**Data provided**

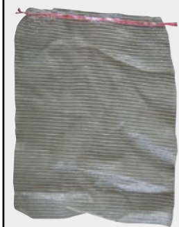
Abb. 60 ltr. Sack

EiFo Container Systeme Direkt vom Roh- oder Rundholz zum verpackten Brennholz – Keine zusätzliche Zwischenlagerung Schnellere Trocknung – Kürzere Lagerzeit Schnelle, einfache und saubere Verpackungseinheiten Verkauf Sackweise – Zufriedene Kunden Weniger Kapitaleinsatz
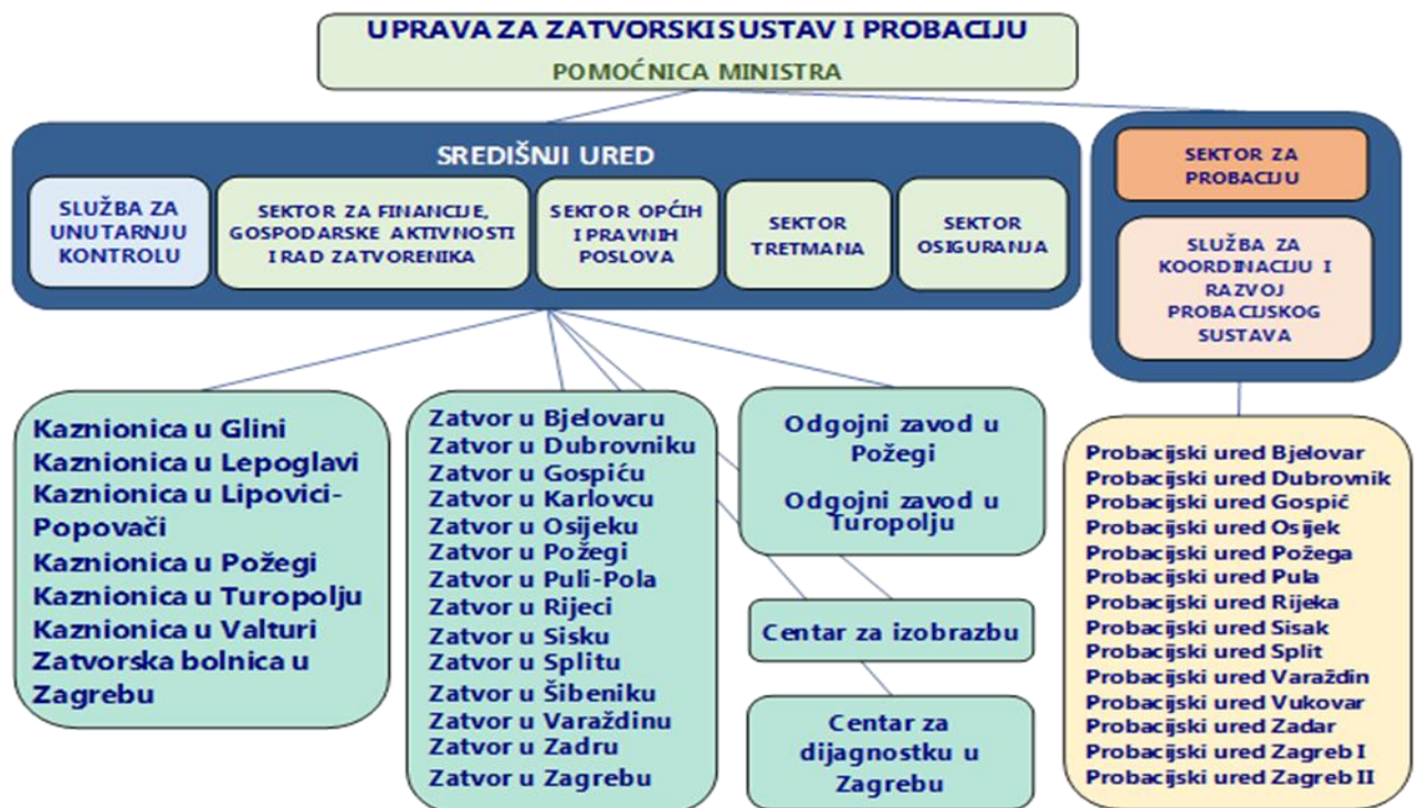
Slika 1. Ustroj Zatvorskog sustava
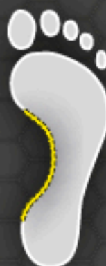
C Low Arch Senkfuß
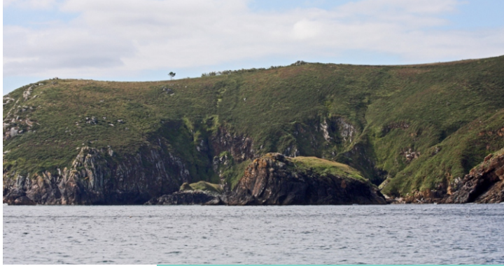
Illa do Castelo
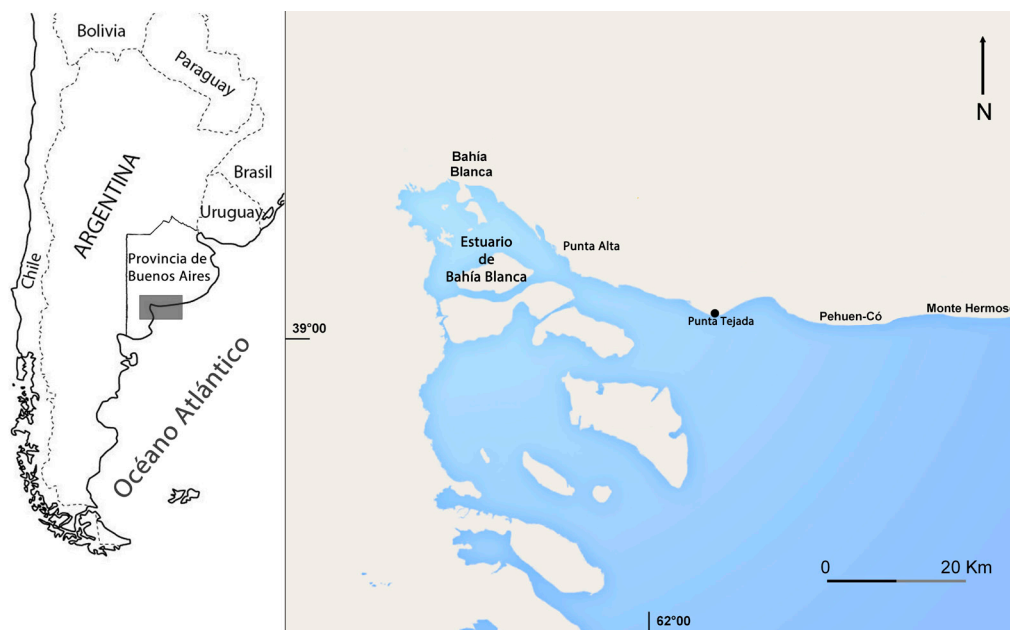
Fig. 1. Ubicación geográfica de Punta Tejada, localidad de varamiento del ejemplar de Megaptera novaeangliae reportado en esta nota (Buenos Aires, Argentina).

El ejemplar fue detectado el 22 de julio de 2011 por un pescador artesanal que informó a la Prefectura Naval Argentina indicando la presencia de una ballena varada en la costa de Playa Baterías, en el accidente geográfico Punta Tejada ( 38^{\circ}58'60''S , 61^{\circ}48'0''O ), partido de Coronel Rosales, Buenos Aires, Argentina (Fig. 1). La zona comprende un gran frente costero ocupado por instalaciones militares. Debido a la dificultad y riesgo de acceder al área, el grupo de rescatistas fue escoltado por oficiales de Policía Naval Argentina y oficiales de Infantería. Al arribar al sitio, el animal que llevaba aproximadamente 40 horas varado, se encontró muerto. Se recabó la mayor información posible del espécimen en el sitio de estudio; se tomaron medidas corporales y se recolectaron los epibiontes adheridos al cuerpo del animal. Los organismos incrustantes fueron extraídos de las aletas pectorales y caudal y conservados en etanol 70%, para su posterior identificación en el laboratorio. Los ejemplares fueron estudiados y documentados mediante una lupa Olympus SZ40, un calibre digital y una cámara fotográfica réflex Canon EOS
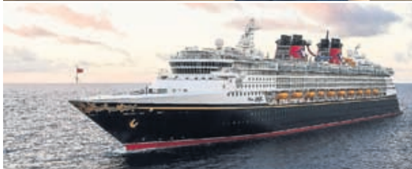
Un mundo de fantasía. El popular Mickey (arriba) y el Disney Magic en plena travesía.

y la calidez del país con paradas llenas de historias de los vikingos.
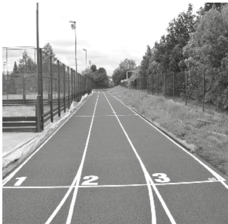
Tartanová tříproudová dráha v novém hávu
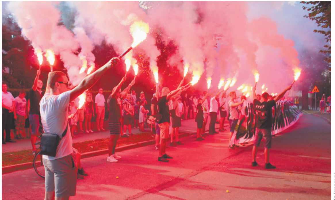
W godzinę „W” kibice odpalili czerwone race.
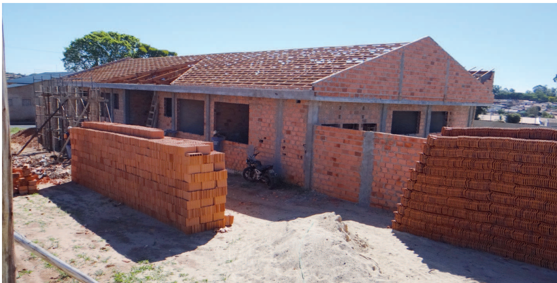
UBS em construção do Bairro Santa Elizabeth

Investimento em novos prédios vão melhorar a infraestrutura de atendimento à população

**Your assignment**
Restate the final lines of the listing above word for word, beginning at the line that contains "UBS em construção do Bairro Santa Elizabeth".

**Task output**
UBS em construção do Bairro Santa Elizabeth

Investimento em novos prédios vão melhorar a infraestrutura de atendimento à população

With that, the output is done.